Verify the correctness of your environment using the following commands:

python -c 'import psiflow'  # python import should work
which work_queue_worker     # tests whether ndcctools is available and on PATH

Execution

Psiflow scripts are executed as a simple Python process. Internally, it relies on Parsl to analyze the dependencies between different tasks and execute the calculations asynchronously and as fast as possible. To achieve this, it automatically requests the compute resources it needs during execution.

To make this work, it is necessary to define precisely how ML potential training, molecular dynamics, and QM calculations should proceed, and (ii) how the required resources for those calculations should be obtained. These additional parameters are to be specified in a separate 'configuration' .yaml file, which is passed into the main Python workflow script as an argument. The configuration file has a specific structure which is explained in the following sections. In many cases, you will be able to start from one of the example configurations in the repository and adapt it for your cluster. We also suggest you to go through Parsl's documentation on execution first as this will improve your understanding of what follows.
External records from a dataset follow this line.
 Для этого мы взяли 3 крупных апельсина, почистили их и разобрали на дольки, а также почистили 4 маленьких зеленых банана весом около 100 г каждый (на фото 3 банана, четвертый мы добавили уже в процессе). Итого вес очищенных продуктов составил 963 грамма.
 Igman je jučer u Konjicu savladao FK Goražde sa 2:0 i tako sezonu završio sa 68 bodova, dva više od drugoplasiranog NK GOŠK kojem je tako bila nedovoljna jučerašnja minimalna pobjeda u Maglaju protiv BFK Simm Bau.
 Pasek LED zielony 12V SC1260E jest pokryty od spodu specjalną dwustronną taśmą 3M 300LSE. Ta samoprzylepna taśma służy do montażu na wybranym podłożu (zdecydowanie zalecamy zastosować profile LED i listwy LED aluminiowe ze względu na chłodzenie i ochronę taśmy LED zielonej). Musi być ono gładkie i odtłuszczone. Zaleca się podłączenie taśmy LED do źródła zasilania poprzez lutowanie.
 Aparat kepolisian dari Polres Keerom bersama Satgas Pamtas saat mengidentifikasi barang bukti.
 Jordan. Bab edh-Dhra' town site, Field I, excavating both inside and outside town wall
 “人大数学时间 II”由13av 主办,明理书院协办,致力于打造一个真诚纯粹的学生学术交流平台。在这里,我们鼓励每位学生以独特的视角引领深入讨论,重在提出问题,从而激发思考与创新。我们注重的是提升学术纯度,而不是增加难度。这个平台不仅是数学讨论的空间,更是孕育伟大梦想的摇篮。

There are three types of calculations:

ML potential training (ModelTraining)
ML potential inference, i.e. molecular dynamics (ModelEvaluation)
QM calculations (CP2K, GPAW, ORCA)

and the structure of a typical config.yaml consequently looks like this

# top level options define the overall behavior
# see below for a full list
container_engine: <singularity or apptainer>
container_uri: <link to container, i.e. oras://ghcr.io/...>

ModelTraining:
  # specifies how ML potential training should be performed
  # and which resources it needs to use

ModelEvaluation:
  # specifies how MD / geometry optimization / hamiltonian computations are performed
  # and which resources it needs to use

CP2K:
  # specifies how CP2K single points need to be performed

GPAW:
  # specifies how GPAW single points need to be performed

ORCA:
  # specifies how ORCA single points need to be performed

1. ML potential training

This defines how model.train() operations are performed. Since training is necessarily performed on a GPU, it is necessary to specify resources in which a GPU is available. Consider the following simple training example

import psiflow
from psiflow.models import load_model
from psiflow.data import Dataset


def main(fraction):
    model = load_model('my_previous_model')
    train, valid = Dataset.load('data.xyz').split(fraction, shuffle=True)
    model.train(train, valid)
    model.save('fraction_{}'.format(fraction))
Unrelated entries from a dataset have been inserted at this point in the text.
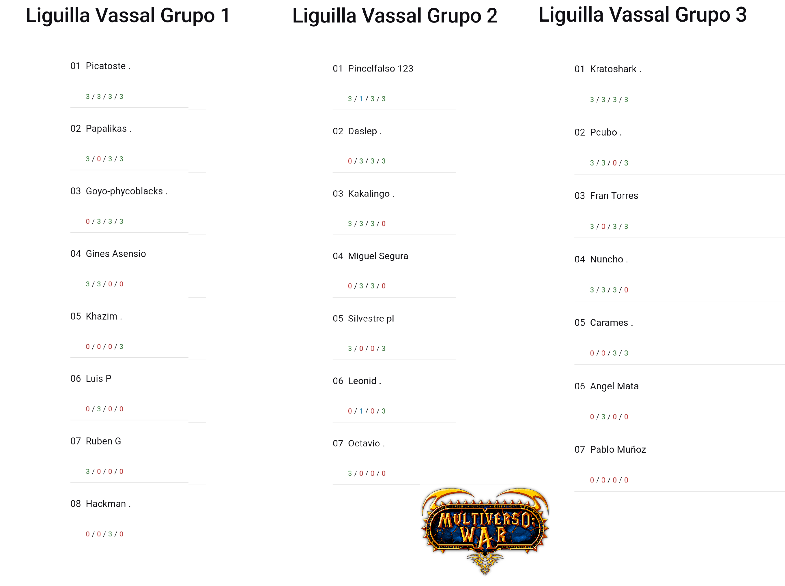 Todavía con la cabeza en los mundiales de Warhammer (donde nuestro compañero Silver nos ha representado a todos los españoles de Underworlds de manera sobresaliente) os traemos el seguimiento semanal de la II Liga de Vassal de Underworlds (formato championship y patrocinada por Multiverso Warhammer) que estamos disfrutando de lo lindo. Vamos a empezar por la clasificación actual de cada grupo.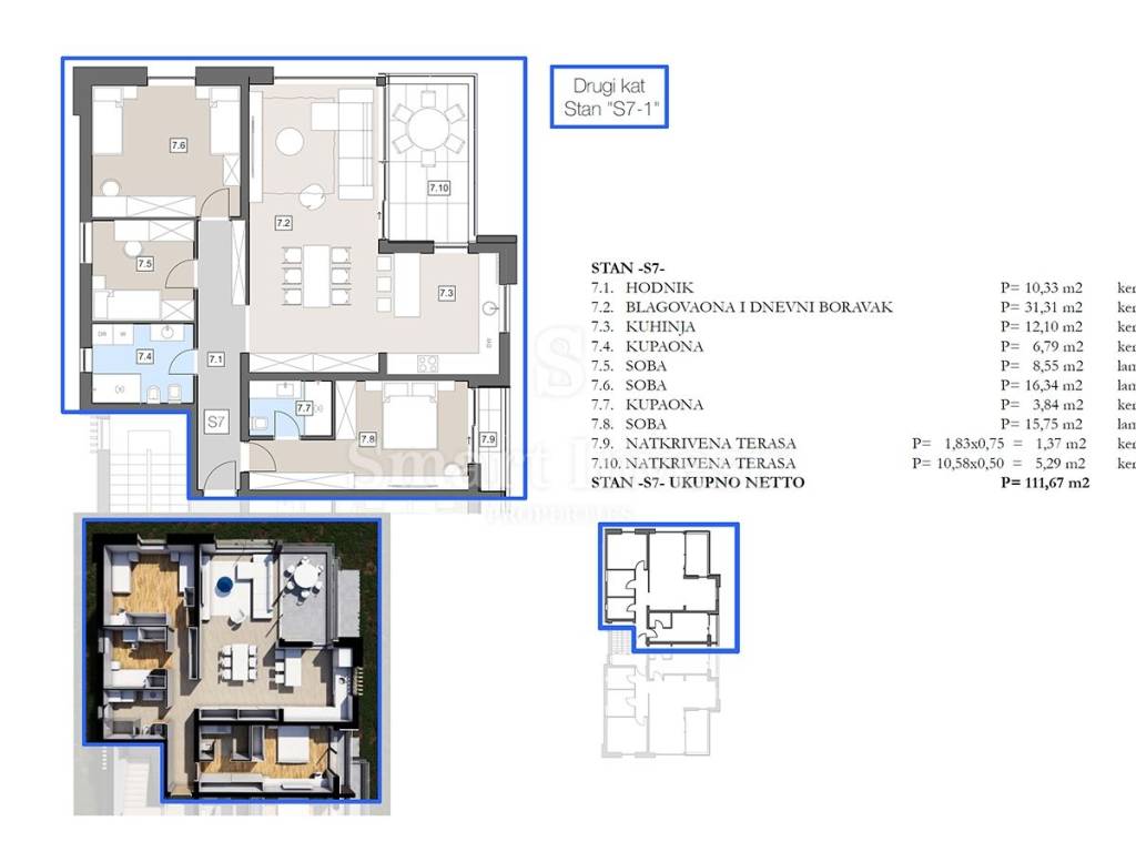 The listed price refers to a completely finished apartment on a turnkey basis, without furniture. The price includes VAT, the buyer is exempt from paying real estate tax. In the case of purchasing from a company registered in Croatia, a full VAT refund is possible after the purchase.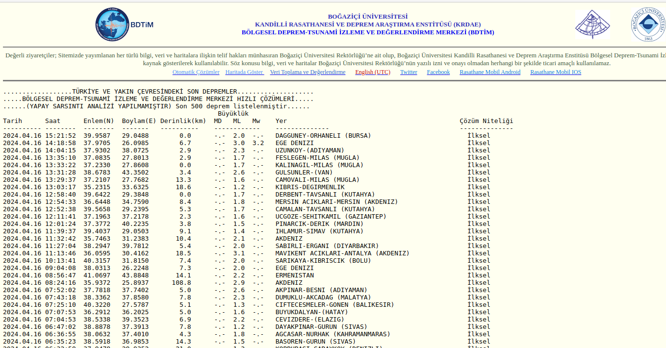 Kandilli Rasathanesi’nin son verilerine göre; Orhaneli ilçesi Dağgüney mevkindeki depremin şiddeti 2.0, derinliği 8 kilometre…

if __name__ == '__main__':
    with psiflow.load():    # ensures script waits until everything completes
        main(0.5)
        main(0.7)
        main(0.9)

It will execute three independent training runs, whereby the only difference is in the fraction of training and validation data. Importantly, because their is no dependency between each individual run, they will automatically be executed in parallel. Suppose we are in a terminal on e.g. a login or compute node of a SLURM cluster. Then we can execute the script using the following command:

python train.py config.yaml

The config.yaml file should define how and where the model should be trained and evaluated.
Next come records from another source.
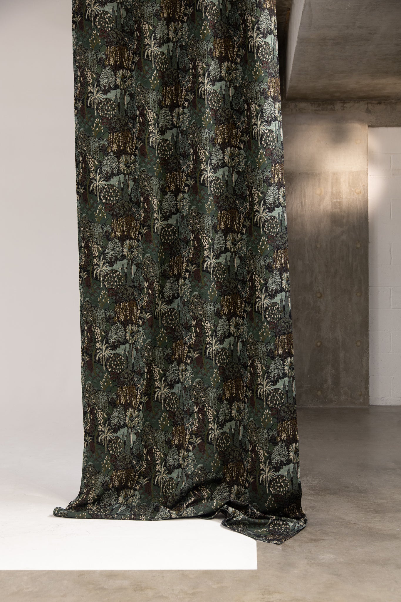 Tactile cotton blend patterned fabric with scenic pattern.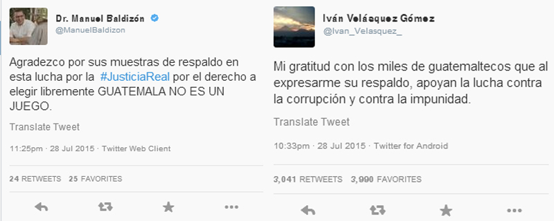 Por otra parte el comisionado de la Cicig, Iván Velásquez, fue la sensación de la noche en esta red social, al publicar una hora antes un tuit en donde agradecía a los guatemaltecos por el apoyo que le han brindado para luchar contra lacorrupción y la impunidad que reina en el país.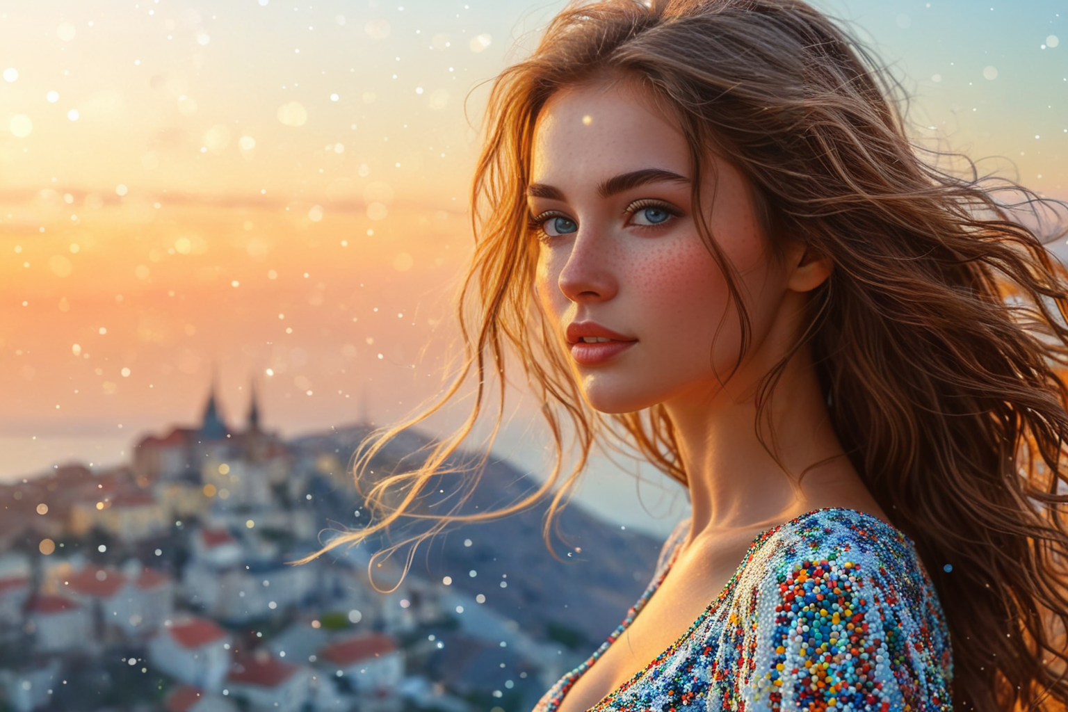 young woman, beautiful face, great body, gorgeous figure, long legs, pretty eyes, long hair, great bust, beautiful background, magnificent scenery, Nikolai Ge style, HD, sharp focus, stunningly beautiful, pointillism style, composed entirely of small, distinct dots of color, vibrant, highly detailed

Next, we define how model training should be performed. Internally, Parsl will use that information to construct the appropriate SLURM jobscripts, send them to the scheduler, and once the resources are allocated, start the calculation. For example, assume that the GPU partition on this cluster is named infinite_a100, and it has 12 cores per GPU. Consider the following config

ModelTraining:
  cores_per_worker: 12
  gpu: true
  slurm:
    partition: "infinite_a100"
    account: "112358"
    nodes_per_block: 1
    cores_per_node: 24
    max_blocks: 1
    walltime: "12:00:00"
    scheduler_options: "#SBATCH --gpus=2"

The top-level keyword ModelTraining indicates that we're defining the execution of model.train(). It has a number of special keywords:

cores_per_worker (int): number of CPUs per GPU.
gpu (bool): whether to use GPU(s) -- should almost always be true for training.
slurm (dict): defines compute resources specifically for a SLURM scheduler (i.e. using sbatch/salloc commands). It should include all parameters which are required to create the actual jobscript. Note that the requested resources for a single slurm job can be larger than the required resources per worker. In this particular example, we ask for a single allocation of 2 GPUs and 24 cores in total, with a walltime of 12 hours, and with a limit on the number of running jobs of this type equal to 1 (max_blocks).

When we execute python train.py config.yaml, psiflow will analyze the script and realize it needs to execute three training runs. Because we use cores_per_worker: 12, it sees that it can fit all three training runs on two SLURM jobs, each with two GPUs. Of course, because max_blocks: 1, it will only submit one job and start two training runs. The third training run will start only when any of the first two have finished running, he will not submit a second SLURM job. The max_blocks setting is useful in scenarios where your cluster imposes tight limits on the number of running jobs per user, or when the queue time is long.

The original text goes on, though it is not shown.